Os olhos da criaturinha apagaram-se num violáceo poente. Heleiel foi deixado só, livre para pensar, grato pela natureza não bisbilhotera da criatura. Heleiel estava enganado qanto à sua primeira impressão. Discrição não cobinava com a natureza feminina. Definitivamente a criatura era um menino de sua raça.

Quando a fome torno-se maior que o asco, Heleiel provou dos fungos. Fora a fina película que os cobria, tinham consistência amorfa, mole e porosa e seu gosto mais detestável que a sua aparência mas, quando comparado à sopa azeda, os fungos eram ótimos de serem comidos. No mais, Heleiel presentia que deveria manter-se forte, não obtanta a comida disponível e pronto chegou o sono em seu corpo dolorido pelo efeito do veneno da caiuina, do peso da rede, agora trocada pela manta de crualinha que fora trazida pelo menino de olhos cor de violeta.

O fio de uma luz tocou o prisioneiro birgtintoniano, abrindo-se num caminho por onde juntos, com suas asas entrelaçadas do modo usual, andavam os pais de Heleiel. Sua mãe aproximou-se sorrindo, beijando-lhe a testa da forma como só ela sabia beija-lo, da forma como sempre beijaria. Seu pai circunspecto carregava em suas mãos uma esfera cuja cor Heleiel não saberia descrever por muito tempo, por todas aventuras que passaria. Com movimentos suaves o sábio artesão começava a depositar a esfera no chão próximo de onde jazia seu filho, mantendo o seu profundo olhar sempre fixo nos olhos de Heleiel e, num súbito, o brilho das asas douradas de seus pais desapareceu na escuridão que voltou a ser dona absoluta de todo o mundo que Heleiel poderia alcançar.

O Sol parecia estar nascendo fora das cavernas dos internais, os quais se reuniam para a ceia de antes de dormir.

Um agito que poderia ser notado como anormal mesmo para o extrangeiro captivo, abalava a pemumbrosa terra dos internais. Uma internal curvada, arrastando-se em apenas três pernas passou por Heleiel, arranstando consigo, num visível esforço, um caldeirao fétito, pleno de comida para a ceia.. Seus guinchos incompreensiveis eram proferidos em um tom que, ao ver do prisioneiro, melhor seria continuar nsabendo sua tradução.

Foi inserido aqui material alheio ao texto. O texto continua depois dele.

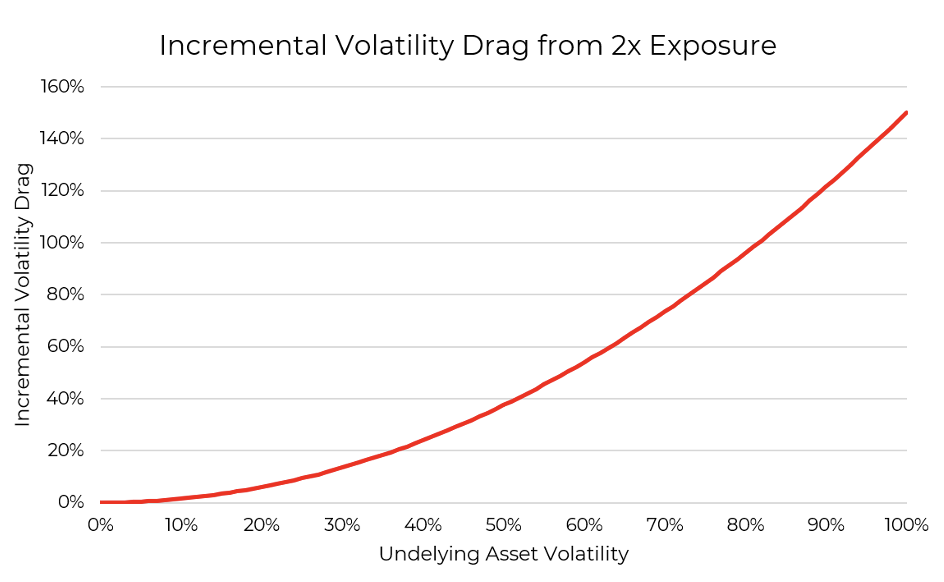Volatility creates a “drag” on returns, which worsens with higher leverage. An example for an asset with 50% volatility:
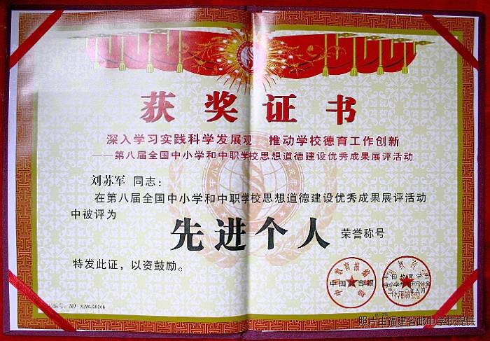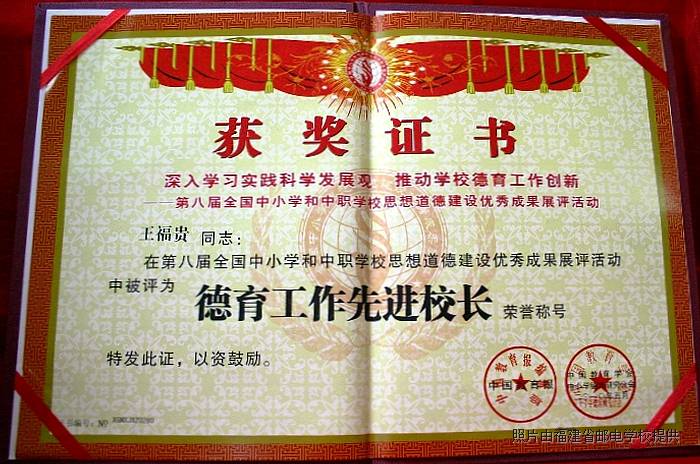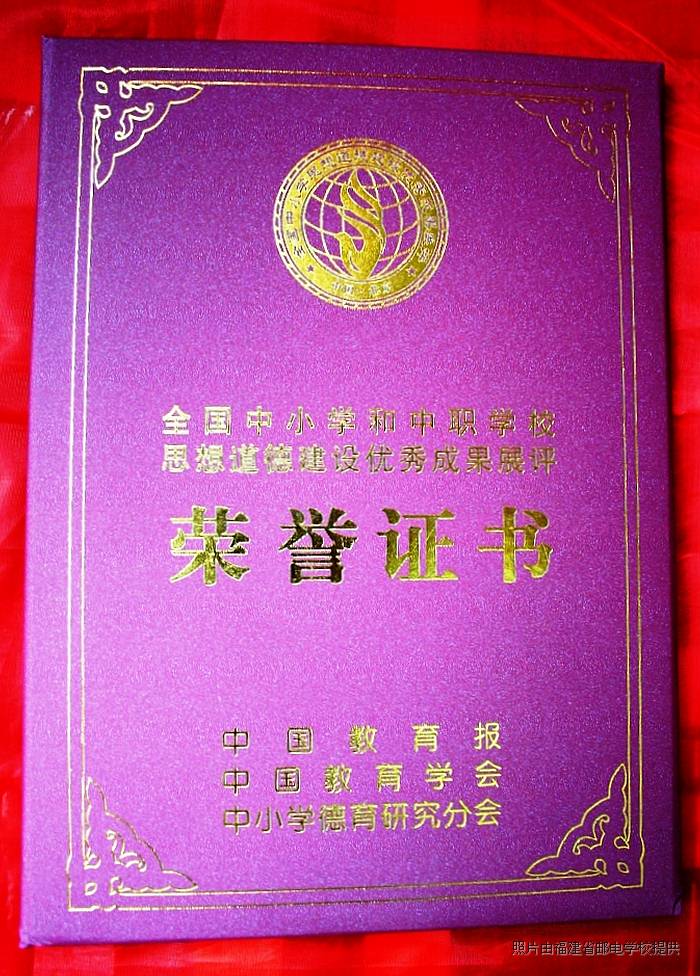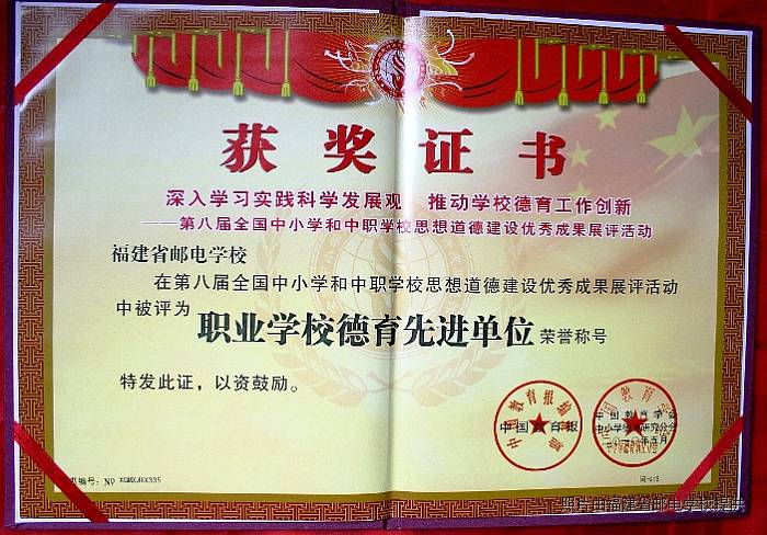 經(jīng)專家評(píng)審委員會(huì)和活動(dòng)組委會(huì)聯(lián)合推薦,福建省郵電學(xué)校被授予第八屆全國(guó)中小學(xué)和中職學(xué)校思想道德建設(shè)優(yōu)秀成果展評(píng)活動(dòng)“職業(yè)學(xué)校德育先進(jìn)單位”和“集體一等獎(jiǎng)”榮譽(yù)稱號(hào),王福貴校長(zhǎng)、劉蘇軍副校長(zhǎng)分別獲得“德育工作先進(jìn)校長(zhǎng)”、“先進(jìn)個(gè)人”。此外,學(xué)校推薦的9篇論文全部獲獎(jiǎng),其中5篇獲得一等獎(jiǎng),4篇獲得二等獎(jiǎng)。
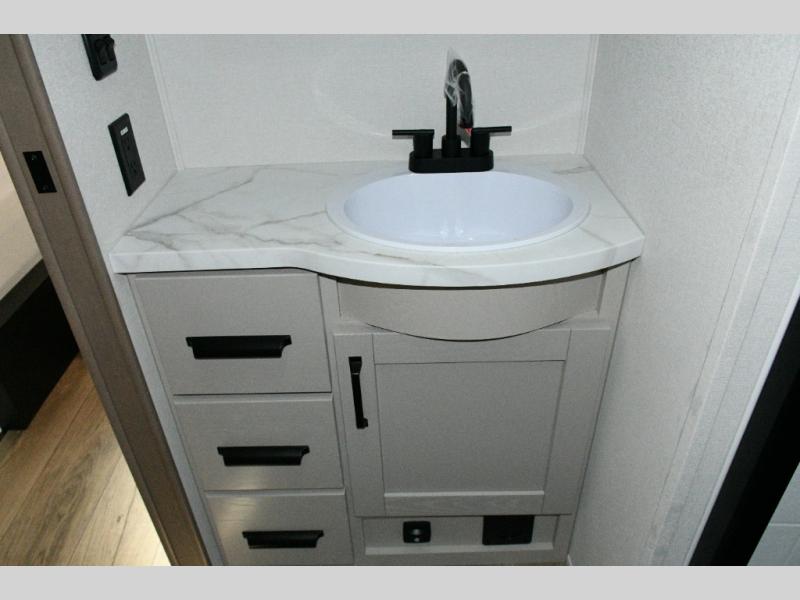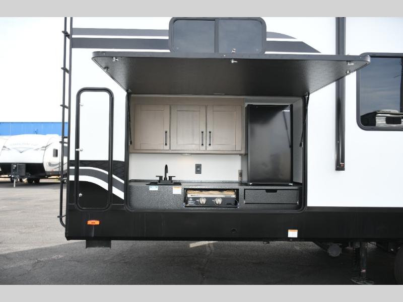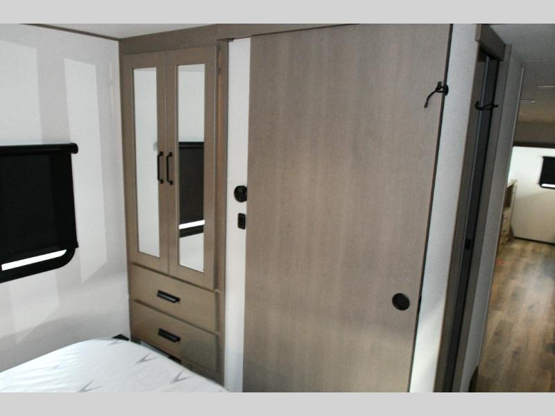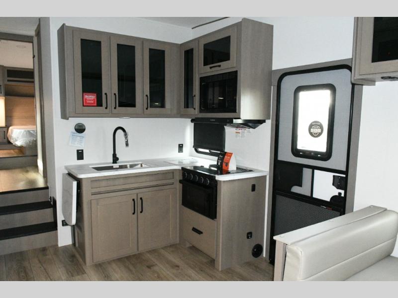 Step inside and you’ll appreciate how thoughtfully this layout is designed for real-world camping. The rear bunkhouse is a standout feature, offering multiple sleeping configurations that make it easy to bring kids, friends, or guests along for the journey. Up front, the private master bedroom provides a quiet retreat, while the central living and kitchen area becomes the heart of the RV for meals, conversation, and downtime after a full day outdoors.
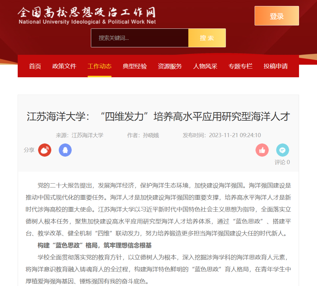 打造“蓝色思政”品牌活动,思政育人“海味”浓厚。利用世界海洋日、中国海洋宣传日等重大纪念日,邀请“蛟龙号”总指挥、中国航母女舵手、贝壳先生来校讲思政课,组织涉海专业青年博士结合研究方向讲述“信仰公开课”;通过“与党委书记面对面”“宁校有约”“开学第一课”等品牌活动,校党委书记、校长与青年学生面对面谈“铭记历史 筑梦海洋”“知海爱海 强海有我”;组织学生走进临海企业、渔业基地参加海洋经济文化调研、海洋科技研究、海洋生态保护等主题实践活动……通过一次次沉浸式、研讨式的“蓝色思政课”,在理论与实践素养提升中,青年学生铸造了一颗颗爱党报国的“海洋魂”。2016届毕业生王海洋获评“2020年全国大学生就业创业年度新闻人物”、2021年全国“最美基层高校毕业生”。2019届毕业生陈建发获评“2022年江苏省大学生就业创业年度人物”。
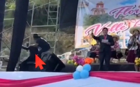 Khi người phụ nữ cúi xuống hôn tay chú rể, cô dâu phản ứng ngay lập tức và dứt khoát bằng cách nắm chặt lấy tay người phụ nữ, giật tóc và kéo cô ta ra xa.
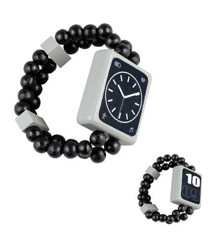 Oboustranné dřevěné hodinky s obrázkem digitálních a ručičkových hodin. Navlečeno na gumičce. Výrobek splňuje požadavky EU na bezpečnost hraček a je vhodný pro děti od 3 let.
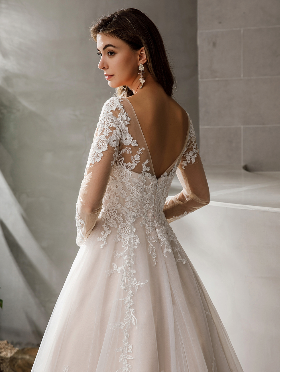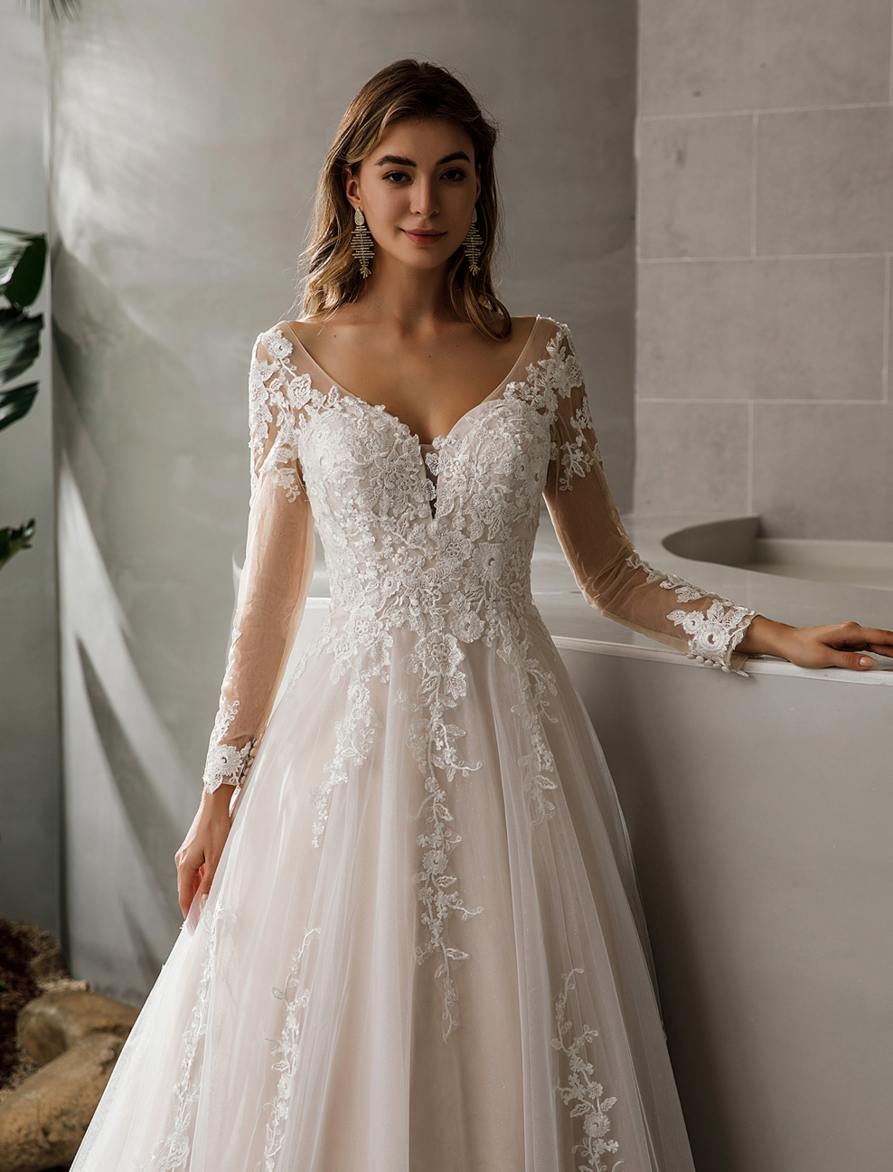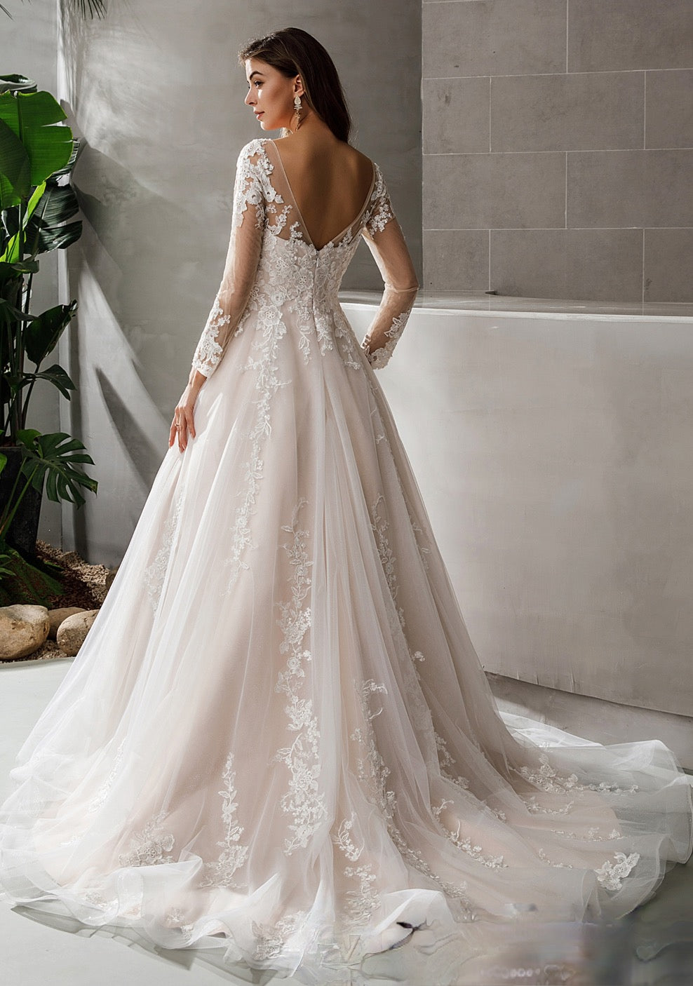 Wedding Dress Lace Satin A Line Bridal Gown With Glitter Tulle, Classic pink nude princess a-line gown with long, tattoo sleeves and an elegant V-neck bodice coated with cuts of fine lace flowers that trickle down the waistband and finish at the edges of a long, layered skirt in soft tulle. Dress shown in ivory/pink.
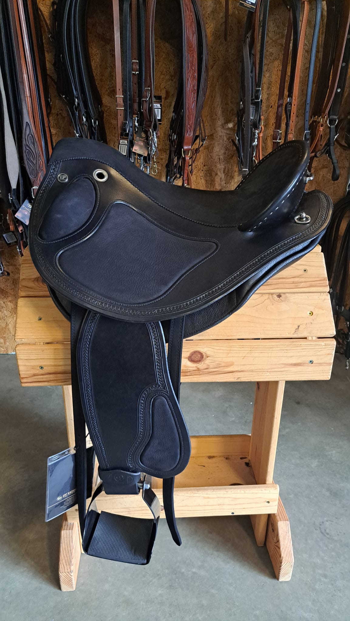 The  broad sit bones makes it comfortable for long rides. Narrower twist that is not going to ride up on you. Similar seat to the El campo (dressage/English style flap) but add on the Fenders, and thigh blocks. The blocks are not there to interfere with your motion just there if you need them. The soft leg area on the skirt under the leg helps keep a close contact feel while minimizing the time it takes to break in the saddle. Soft areas can be filled in with any of the Nubuck or Nappa colors that DP has available. Express yourself with color or stay simple. We can get you set up with your dream DP saddle! If we don't have the size or color you need we can build it for you.

O Sol acabara de nascer quando o companheiro de olhos cor de violeta resurgiu de forma estupenda, correndo pelos precipícios da vila do povo interno e finalmente, com pompa, atirando algo para Heleiel. Pasmo e alegria! Era uma suculenta pomesuma. De onde teria o menino de olhos cor de violeta conseguido uma fruta fresca? Heleiel não questionou muito a origem da fruta, devorando a preciosa guloseima, deixando o rosado suco da fruta escorrer pela suas mãos e logo lambendo tudo, com o prazer que apenas os abandonados pela sorte apreciam.

Por seu turno, quando capturasse um internal sem motivos óbvios para tê-lo feito, Heleiel alegremente se lembraria de atirar-lhe raízes fétitas.

O agito que pairava na vila dos internais seria causado pela presença forçada de Heleiel na vila do povo interno? Heleiel fora encarregado de guardar, desde o tempo que tinha suas lembraças despertas, a memória de seu mundo e todavia não sabia de houverem birgtintonianos mantidos prisioneiros dos internais. Eram de fato maus, mas nunca estupidos, frágeis que eram a luz do dia, a se rexpor a uma guerra contra os povos de luz que habitavam acima o solo.

Dois conhecidos sóis da cor do orvalho das flores de urvarum brilhavam próximos de Heleiel, olhando para a fraca, quase extinta luz da única fogueira acessa na vila. Então, pensou Heleiel, havia fogo e tantas luzes que não seriam supostas aos escuros internais?

A atenção de todos estava centrada na fogueira, disposta no centro da vila. Formando um triângulo entre o fogo e a velha internal que arrastava o caldeirão há pouco um internal discursava, intercalado pelas intervenções da velha internal.

Enquanto a vetusta internal fazia gestos horríveis gesticulando as quatro mãos ao mesmo tempo, seus dedos, tão longos quanto os anos que carregava, apontavam amuíide o cativo do mundo claro. Quanto Heleiel desejava saber o que diziam!

As mãos do menino internal tocando-lhe o joelho não atrapalhavam a sua concentração e, pouco a pouco, focando ao máximo a sua atenção, a conversa das duas figuras centrais começou a fazer-lhe sentido. Ora, então o prisioneiro fazia parte de uma tentativa para salvar todos os mundos?

Como era possível que os mundos estivessem em perigo e seus pais não foram alertados? pensou Heleiel. O que sabiam os internais? Se ao menos o menino internal parasse de tocar as suas pernas com seus dedos de galhos secos Heleiel poderia se concentrar mais.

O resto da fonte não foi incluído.